La propietaria del predio productivo Santa Rita, ubicado en la provincia Guarayos de Santa Cruz, Melisa Barba denunció en el Comando Departamental de la Policía, que avasalladores nuevamente ingresaron en su propiedad, secuestrando en la misma a su esposo ya su suegro. Lamentó no recibir la ayuda necesaria, puesto que este suceso es reiterativo, por lo que pidió que se tomaran medidas drásticas para frenar esta problemática.
“Dan la espalda a un montón de gente trabajadora, el año pasado eran 60 trabajadores, este año solo quedan 30 familias porque no defienden y tienen que dejar que los delincuentes hagan algo”, expresó.
Asimismo, acotó que los responsables, son personas de San Julián y San Pedro, pero que al no recibir sanciones, vuelven a ingresar en el predio. Es por eso, que Barba pidió detener a uno de los presuntos cabecillas de estos grupos, identificado como Vicente Ollisco.
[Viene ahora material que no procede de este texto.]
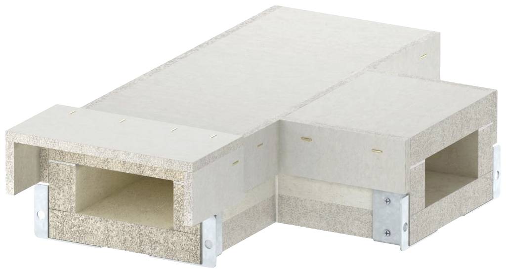 T-Stück für BSKH I90/E30, gem. DIN 4102 Teil 11 und Teil 12, zur Installation auf OBO Montagesystemen. Formteile müssen durch zusätzliche Ausleger unterstützt werden. Inkl. fertig montierter Verbinder an allen Kanalenden, 3 x 1 m selbstklebender Dichtungsstreifen und Verbindungsschrauben.

Otra persona que también se refirió a los avasallamientos, fue la presidenta de la Asamblea Legislativa Departamental (ALD) de Santa Cruz, María René Álvarez, quien expresó su preocupación por las reiteradas denuncias de avasallamientos en la provincia Guarayos.
“Estos hechos reflejan una preocupante ausencia del Estado en la defensa de la legalidad, la propiedad privada y la seguridad jurídica. No podemos permitir que productores, trabajadores y familias continúen viviendo bajo amenazas permanentes mientras prevalezca la impunidad”, sostuvo.
En ese sentido, exigió a la Policía Boliviana, al Ministerio Público, al INRA y las autoridades competentes se constituyen de manera inmediata en el lugar para verificar los hechos, proteger a las personas y garantizar el cumplimiento de la ley.
Finalmente, Álvarez afirmó que la defensa de la propiedad privada, la lucha contra los avasallamientos, el fortalecimiento de las autonomías, la construcción de infraestructura estratégica y una distribución más justa de los recursos forman parte de una misma agenda de desarrollo para Bolivia.
“Guarayos no puede seguir siendo tierra de nadie. La paz social y el desarrollo solo serán posibles cuando el Estado garantice seguridad jurídica, respeto a la ley, defensa del territorio y condiciones reales para que las regiones productivas continúen siendo motor de crecimiento para el país”, concluyó.